The lines running from the one that contains "Updated bungalow in" to the end of the records below are what to reproduce, exactly and without pictures.

Dataset records
⟨

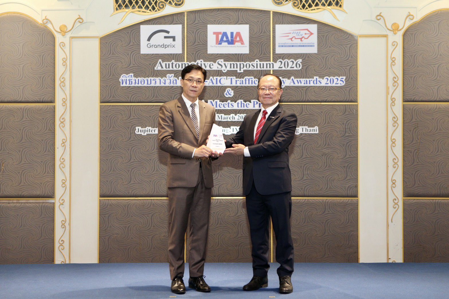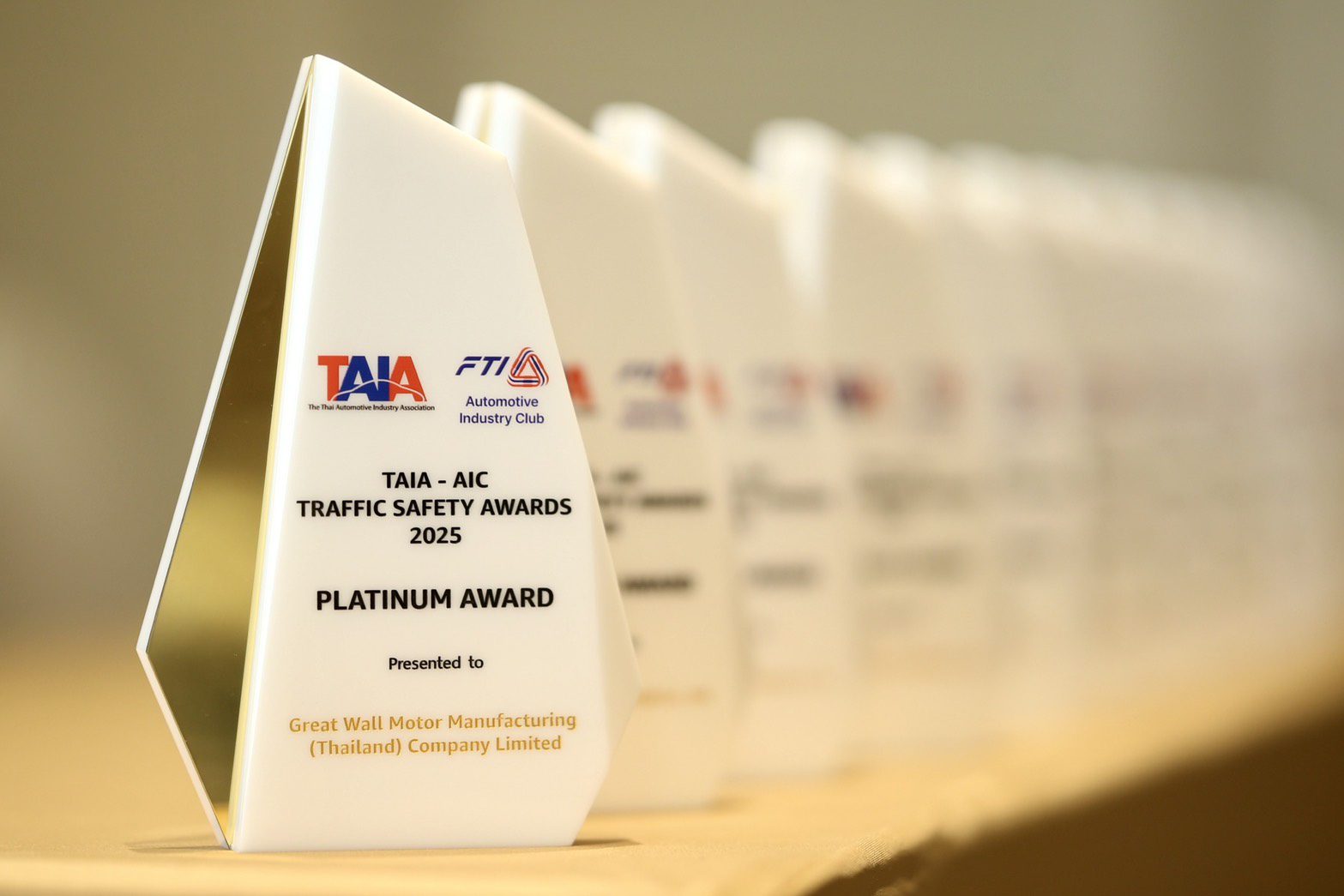 ภายในงานได้รับมอบรางวัลอันทรงเกียรติจากนายสุวัชร์ ศุภกาญจน์เดชากุล นายกสมาคมอุตสาหกรรมยานยนต์ไทย นายสุรศักดิ์ จรินทร์ทอง นายกสมาคมผู้สื่อข่าวรถยนต์และรถจักรยานยนต์ไทย และ ดร.ปราจิน เอี่ยมลำเนา ประธานกรรมการบริหาร บริษัท กรังด์ปรีซ์ อินเตอร์เนชั่นแนล จำกัด (มหาชน) โดยมี นายครรชิต ไชยสุโพธิ์ รองประธานฝ่ายกิจการองค์กรและรัฐกิจสัมพันธ์ เป็นตัวแทนจาก GWM (Thailand) เข้าร่วมรับรางวัล ภายในงาน “TAIA Meets the Press” ซึ่งได้รับเกียรติจากผู้บริหารระดับสูงจากอุตสาหกรรมยานยนต์ รถจักรยานยนต์ และภาคธุรกิจที่เกี่ยวข้องเข้าร่วมงานอย่างคับคั่ง สะท้อนถึงความร่วมมือของทุกภาคส่วนในการขับเคลื่อนมาตรฐานความปลอดภัยบนท้องถนนของประเทศไทยให้ก้าวสู่ระดับสากล
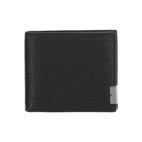 Burberry Mens Wallets. SKU: 8080663. Color: Black. Size: H: 3.74 x W: 4.33. Burberry B Cut Leather Wallet. This wallet is crafted from luxurious calfskin leather and features eight card slots, one bill compartment, and two additional pockets. It is designed with B-Cut details and engraved with the iconic Burberry logo. Material: 100% Calfskin Leather. Made in Romania.
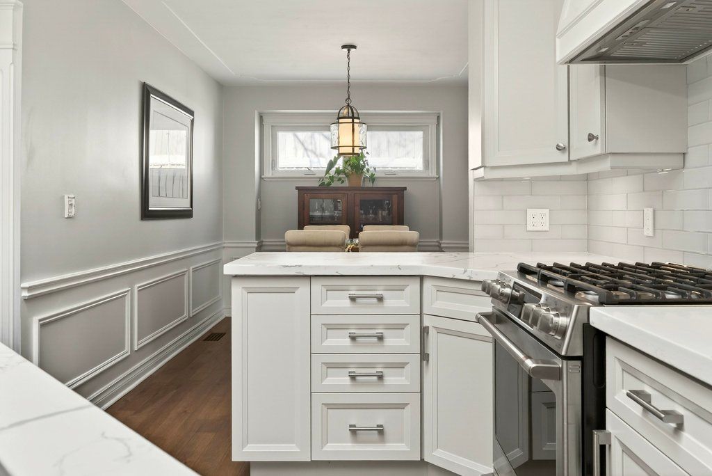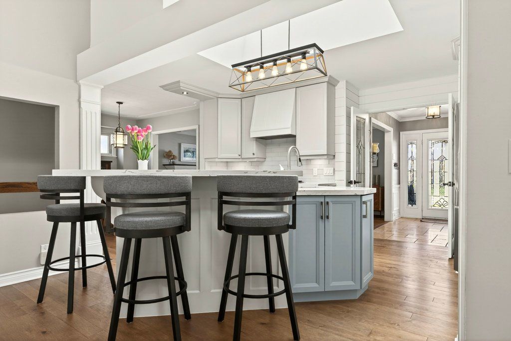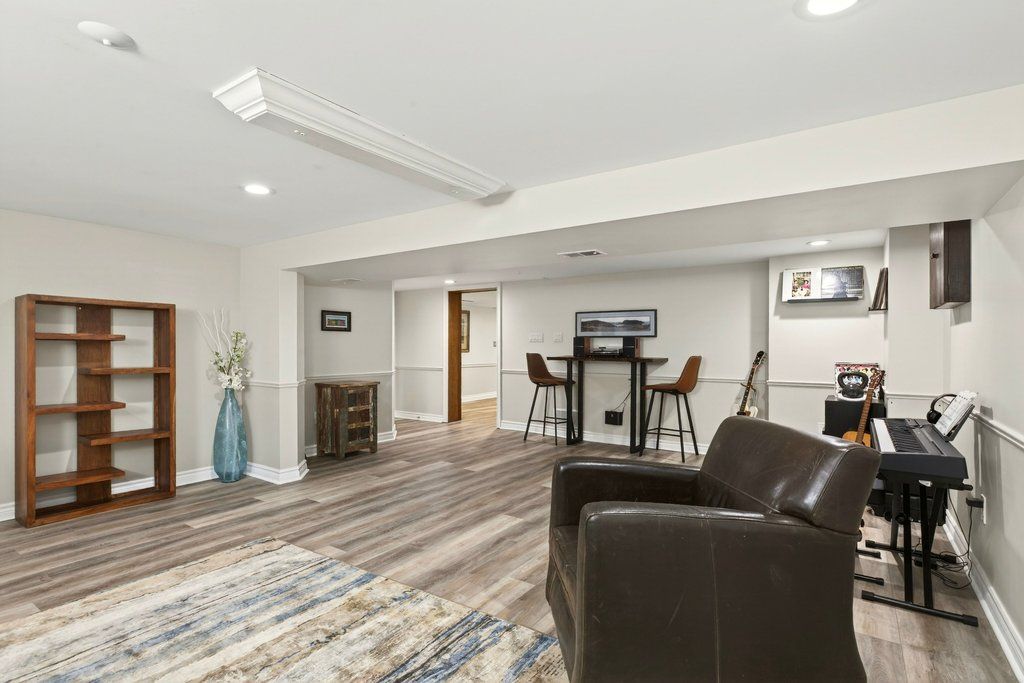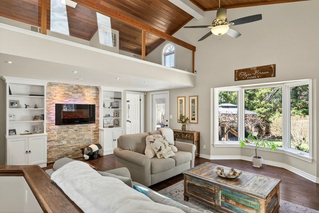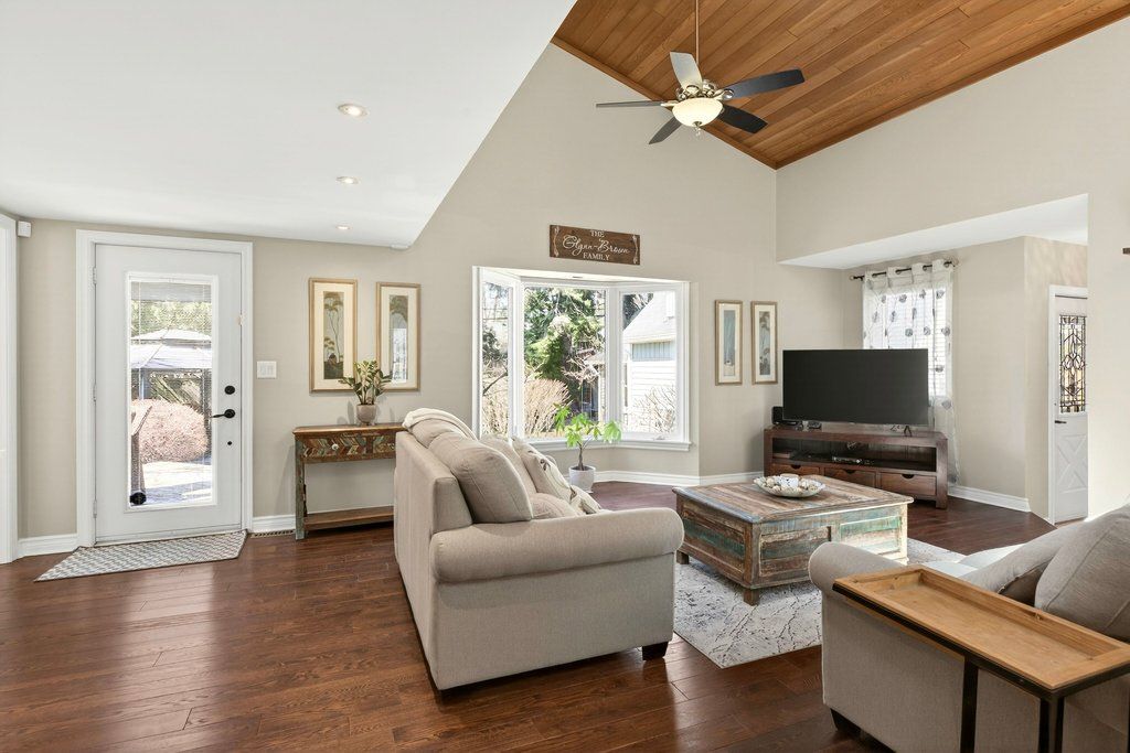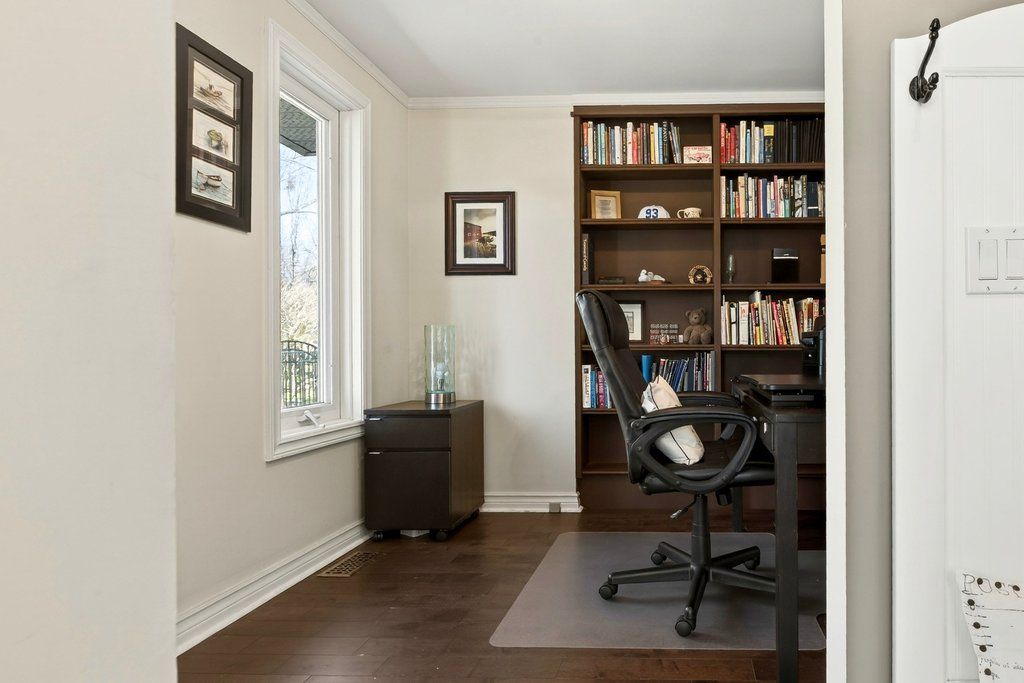 Updated bungalow in highly sought-after downtown core location on prime 65' x 135' lot! Quiet street just steps from schools, parks, restaurants, shopping, the lake, highway access and the go station! 2,448 sq. Ft. Main level with loft + a professionally finished lower level. Main level primary suite with walk-in closet and gorgeous 5-piece ensuite. Updated kitchen with stainless steel appliances (including gas stove), quartz countertops, island and subway tile backsplash opens to a stunning family room with vaulted ceiling, loft and walkout to deck/professionally landscaped private yard with water feature. Main level also includes a formal living room with gas fireplace, separate dining room, an office/den, two additional bedrooms and a second full bathroom. Hardwood floors, crown moulding, wainscoting, california shutters, multiple skylights and an oversized detached garage with loft/storage area, potting shed and heating/air conditioning. 3+1 bedrooms and 3 bathrooms.
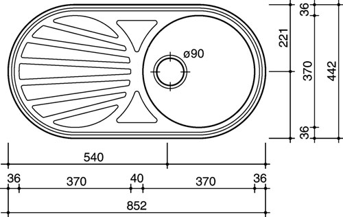 Reginox Galicia Lux OKG врезная мойка из нержавеющей стали. Поверхность полированная. Подходит для шкафа шириной 450 мм. Без отверстия под смеситель. Сливное отверстие ? 3,5"" (OKG), перелив в чаше."
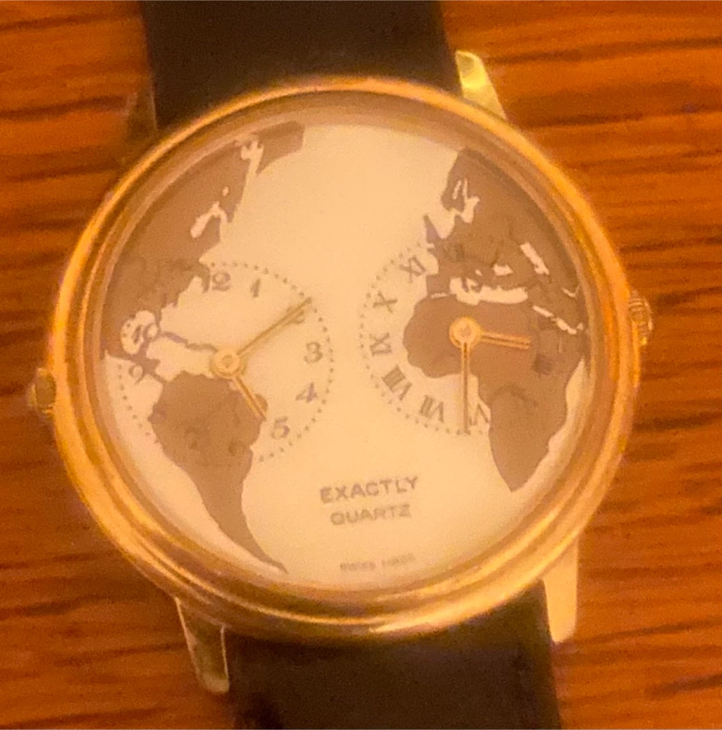 20Selling a Swiss-made Exactly Quartz watch! It has a unique world map design on the face and a stainless steel back. The band is black. It's in great condition and ready for a new owner
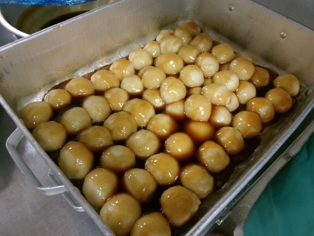 前期最後の給食は、アップルポテトパイを手作りしました。アップルポテトパイは、さつま芋をゆでてつぶして、砂糖とりんご缶のりんごを混ぜたものを餃子の皮に包んで油で揚げたものです。さつま芋とりんごの甘さでおいしく仕上がっています。うずらの卵はしょうゆで煮ました。慌てずよくかんでゆっくり食べてくださいと、声かけしました。

⟩

Result
 Updated bungalow in highly sought-after downtown core location on prime 65' x 135' lot! Quiet street just steps from schools, parks, restaurants, shopping, the lake, highway access and the go station! 2,448 sq. Ft. Main level with loft + a professionally finished lower level. Main level primary suite with walk-in closet and gorgeous 5-piece ensuite. Updated kitchen with stainless steel appliances (including gas stove), quartz countertops, island and subway tile backsplash opens to a stunning family room with vaulted ceiling, loft and walkout to deck/professionally landscaped private yard with water feature. Main level also includes a formal living room with gas fireplace, separate dining room, an office/den, two additional bedrooms and a second full bathroom. Hardwood floors, crown moulding, wainscoting, california shutters, multiple skylights and an oversized detached garage with loft/storage area, potting shed and heating/air conditioning. 3+1 bedrooms and 3 bathrooms.
 Reginox Galicia Lux OKG врезная мойка из нержавеющей стали. Поверхность полированная. Подходит для шкафа шириной 450 мм. Без отверстия под смеситель. Сливное отверстие ? 3,5"" (OKG), перелив в чаше."
 20Selling a Swiss-made Exactly Quartz watch! It has a unique world map design on the face and a stainless steel back. The band is black. It's in great condition and ready for a new owner
 前期最後の給食は、アップルポテトパイを手作りしました。アップルポテトパイは、さつま芋をゆでてつぶして、砂糖とりんご缶のりんごを混ぜたものを餃子の皮に包んで油で揚げたものです。さつま芋とりんごの甘さでおいしく仕上がっています。うずらの卵はしょうゆで煮ました。慌てずよくかんでゆっくり食べてくださいと、声かけしました。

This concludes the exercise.